Cloudhawk’s eyes went wide with sudden hope when he saw her start to move. “She...”
“She won’t be dying yet,” Wolfblade assured him.
Excellent! Cloudhawk was elated. Wolfblade, that piece of shit – he always had an answer! He wasn’t one who made many friends, but at least this time he’d done Cloudhawk an incalculable favor.
Yet no sooner did he drop his guard than an intense feeling of exhaustion wash over him. He was near his limit and couldn’t know how much longer Hellflower’s stimulant would stay in effect. But even under its influence he was more or less spent.
Meanwhile the fight on the dais was becoming more intense by the second.
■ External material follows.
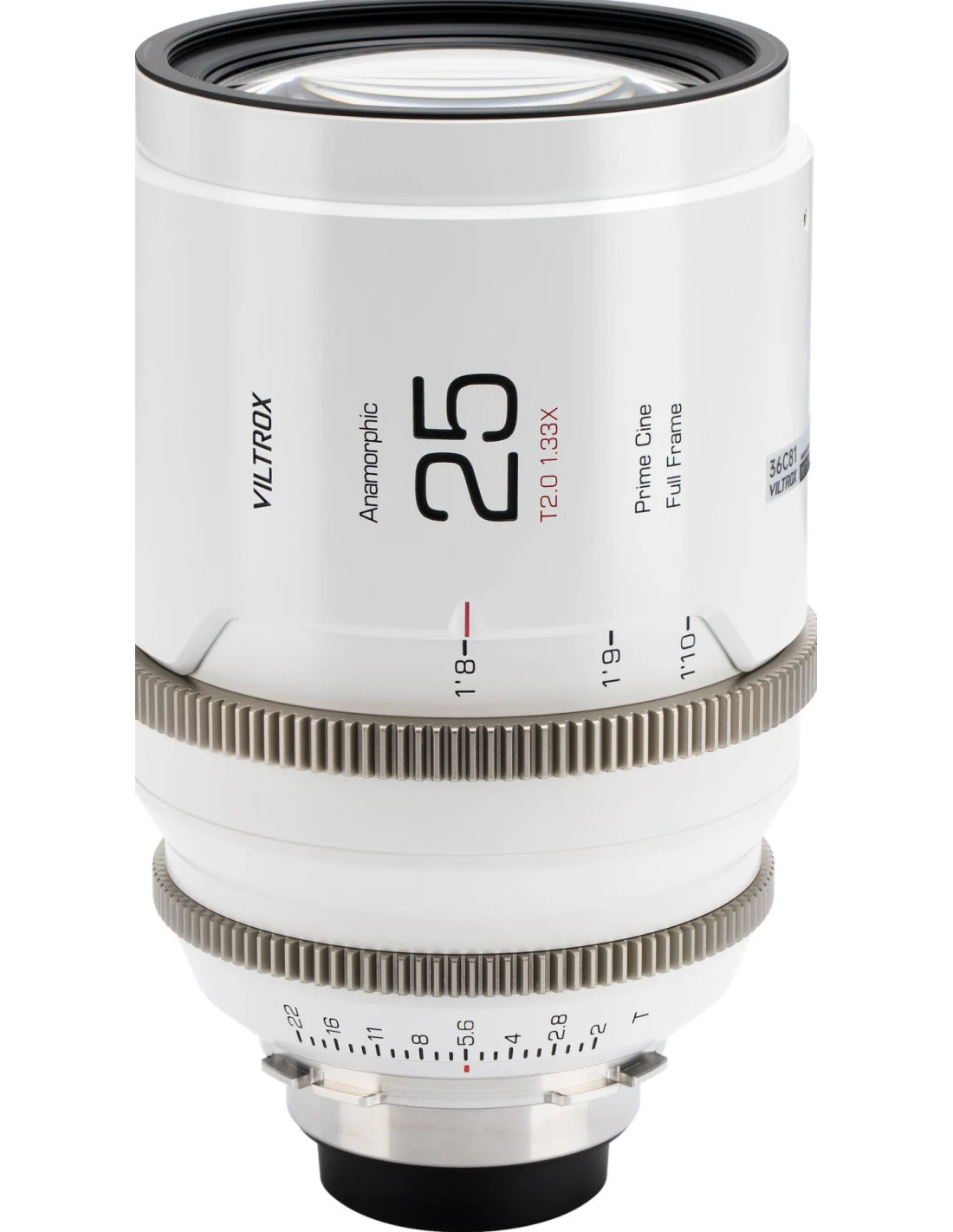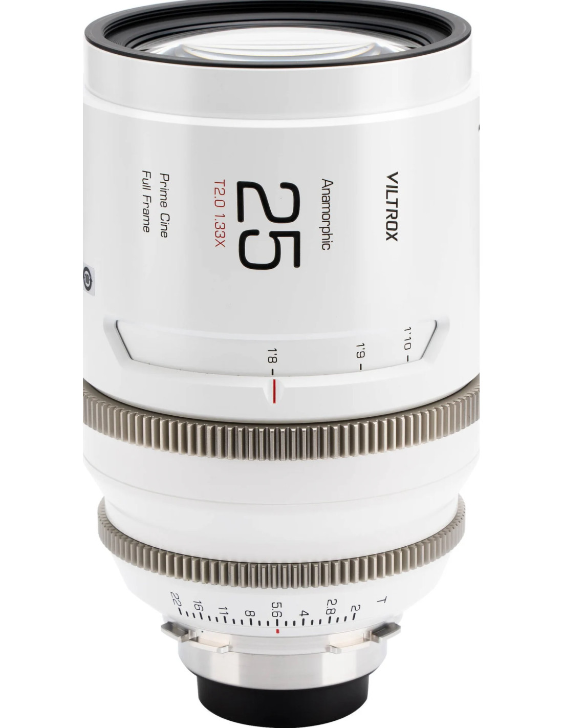Catturate un look anamorfico full-frame utilizzando la vostra cinepresa e l'obiettivo anamorfico ARRI PL-mount EPIC 25mm T2 1.33x di Viltrox. Questo obiettivo bianco come la luna produce un rapporto d'aspetto 2,35:1 de-squeezed con bokeh ovale, respiro minimo, striature blu e un look retrò con toni coerenti da un bordo all'altro. Come gli altri obiettivi della serie EPIC, questo obiettivo ha un posizionamento coerente degli ingranaggi, un centro di gravità comune, un rivestimento impermeabile dell'elemento frontale e un diametro anteriore di 95 mm compatibile con molti matte box e anelli adattatori per professionisti.
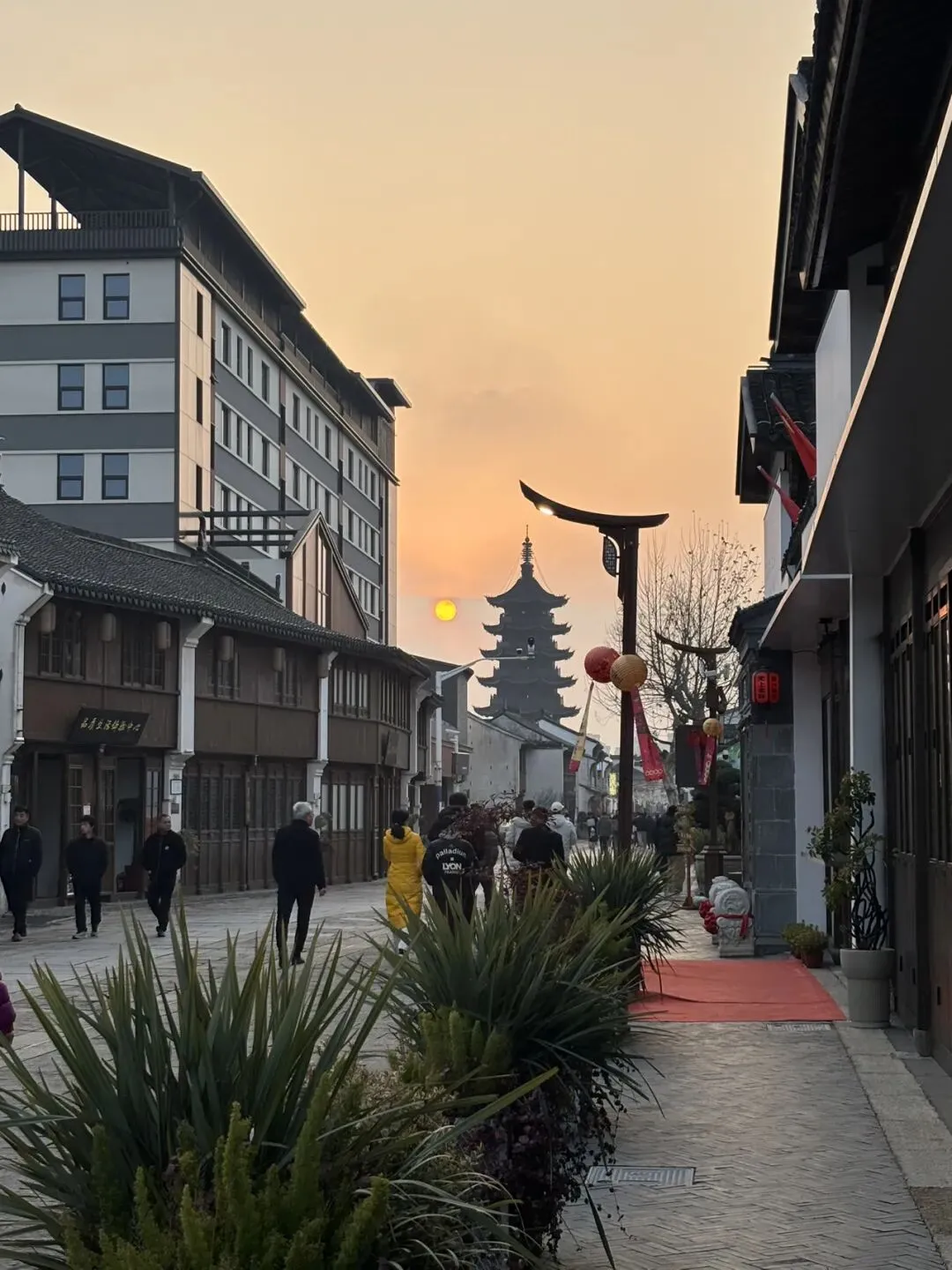踏入古镇,第一眼的感觉是“新”。白墙黛瓦的房屋整齐排列,墙面似是刻意做旧,带了些斑驳的纹理。虽少了些沧桑古意,却依然勾勒出水乡的轮廓与韵味。顺着小巷慢行,不多时便见到一座古塔静静立在镇中。正是日落时分,夕阳低垂,恰好悬在塔檐一角,橙红色的光为整座塔镀上了一层温柔的暖色。很多游人停下脚步,举起手机——这样的景致,像极了某句忘了出处的古诗。

The center of the stronghold was being awash in enemies, too many to deal with. From below Hammont ordered his Corps to charge to the center and lend aid. But Hammont’s main aim was to hunt down and slaughter that despicable mutant, Coal.
He didn’t have the strength to fight off the other leaders, but that freak he could handle. But when they arrived at the dais he was stunned by the scene. He was amazed it had reached such a deadly pitch.
Cloudhawk spied Hammont’s approach. Hammont, feeling his gaze, looked back. The two men locked eyes and for a moment just stood there and stared.
There was conflict in the fat man’s face. He couldn’t face the man he respected so deeply the same way he had before. The Cloudhawk before him now was a wasteland general. In the eyes of Elysians he was a fiend worthy of nothing but a brutal death – responsible for all manner of evils. A traitor who had thrown his lot in with mutants and demons!
Hammont tightened his grip around his weapon. His face grew hard.
Cloudhawk knew what was in his heart. If Hammont had half a chance he would busy that sword in Cloudhawk’s body. If he did, he would a hero to his people. The highest positions and greatest accolades would await him.
The fate of Sanctuary would be decided here, at its apex. Yet no matter who won or who lost the devastation on both sides would be staggering. When a war reached such a point it was inevitable that death would be the ultimate victor.
Only… for the cost of so much blood and so many lives, what was the point?
Cloudhawk’s only interest here had been to save Dawn’s life. He’d succeeded, but many died for the effort.
In recent months he had risen among the wastelanders like a brilliant star. At the same time he was a foul shadow cast over the Elysian lands. How many wastelanders would worship him as a hero if this fortress fell? His valiant efforts for their freedom would be immortalized. Yet how many Elysian children, parents, lovers, and siblings lost their lives? To those who were forced to live on, they would forever curse the name Cloudhawk.
Wolfblade straightened and faced Janus Umbra, then looked at the others gathered nearby. A grin touched his lips. “Look at all of you panting. You should rest, catch your breath. Watch the show – I’m sure you’ll be impressed.”